Which bolt? Shiny metal one at the top or black one below exposed threads?


----------



## FredM (Nov 18, 2015)

BillyK332 said:


> Which bolt? Shiny metal one at the top or black one below exposed threads?


the shiny nut, don't over tighten this, just enough to stop the weep, if this doesn't stop the weep, you may have to undo the nut and check the ferrule on the end of the injection pipe, this may have a hairline crack.


----------



## BillyK332 (Sep 9, 2016)

Alright I'll give it a whirl. Thanks guys


----------



## BillyK332 (Sep 9, 2016)

Tightened the nut, didn't stop the leak. Removed the nut, removed the sleeve below it that has a fuel line running between the 3 injectors, and removed the washer. The washer, the o-ring and the nut all looked okay. So I added some Teflon tape to the threads before refastening the fuel line (top nut) in hopes that would stop the weep. It did not. I think the injectors and the sleeves with the fuel line running between the 3 injectors are in a different alignment than they originally were. She's not running very well now, blowing some white smoke out the exhaust. What did I mess up?


----------



## FredM (Nov 18, 2015)

were is the leak coming from ?, can you pick this up at all ?.

the fuel line between the injectors is for bleedback from the injectors, all injectors leak and this bleedback line takes this fuel away to either the fuel filter or the tank, otherwise the injectors would stop working from hydraulic lock up.

did you remove the injection line and inspect the ferrule ?.

if the injection lines were cracked open, these would need to be bled again.

I am full of questions but that is the way it goes, another question, were the O rings hard or flexible, the O rings and washers should have been replaced .


----------



## BillyK332 (Sep 9, 2016)

Yes the ferrule looked okay to me. I will try bleeding the lines at the injectors. Do you replace washers and o-rings every time you remove these nuts and sleeves?


----------



## FredM (Nov 18, 2015)

BillyK332 said:


> Yes the ferrule looked okay to me. I will try bleeding the lines at the injectors. Do you replace washers and o-rings every time you remove these nuts and sleeves?


At a pinch you can reuse the O rings and washers, you would understand that the washer is a sealing washer and when this is clamped down on, this then compresses the softness built into the washer for sealing and as such its sealing efficiency is diminished if reused, the same for O rings, these are compressed to a certain extent also.

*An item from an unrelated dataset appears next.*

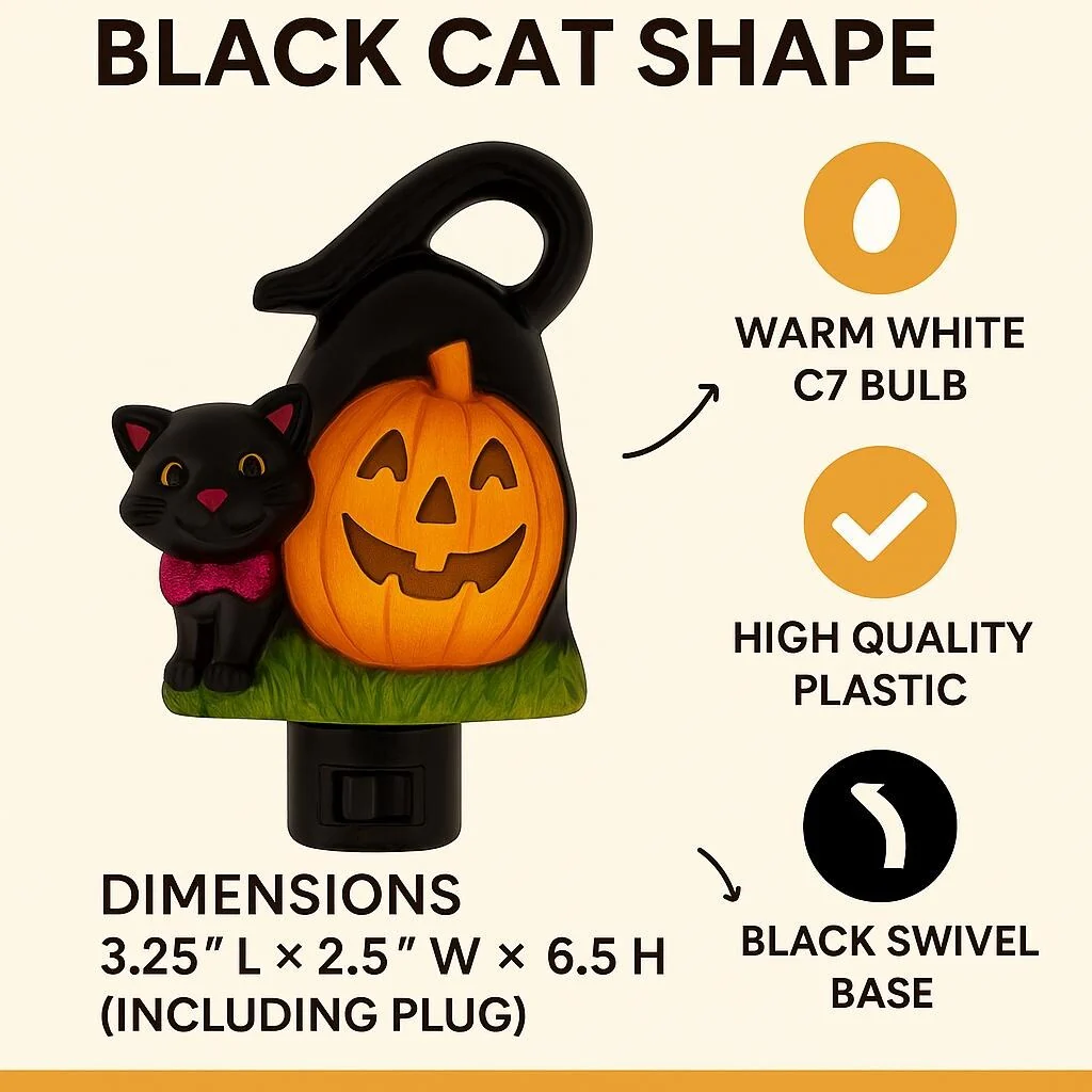 Novelty Lights LED Pumpkin Cat Halloween Night Light with Swivel Plug - PUMPKIN CAT

You would not need to use Teflon tape on the thread, the seal is between the ferrule and the ferule seat on the injector.

Have you slid the nut up from the ferrule and checked above the ferrule clamp point ?, are there any nicks or such in the ferrule seat on the injector ?, most leaks in this area are from hairline cracks around the ferrule and the injector pipe, if in the pipe this would spurt out under pressure, so you wouldn't miss that.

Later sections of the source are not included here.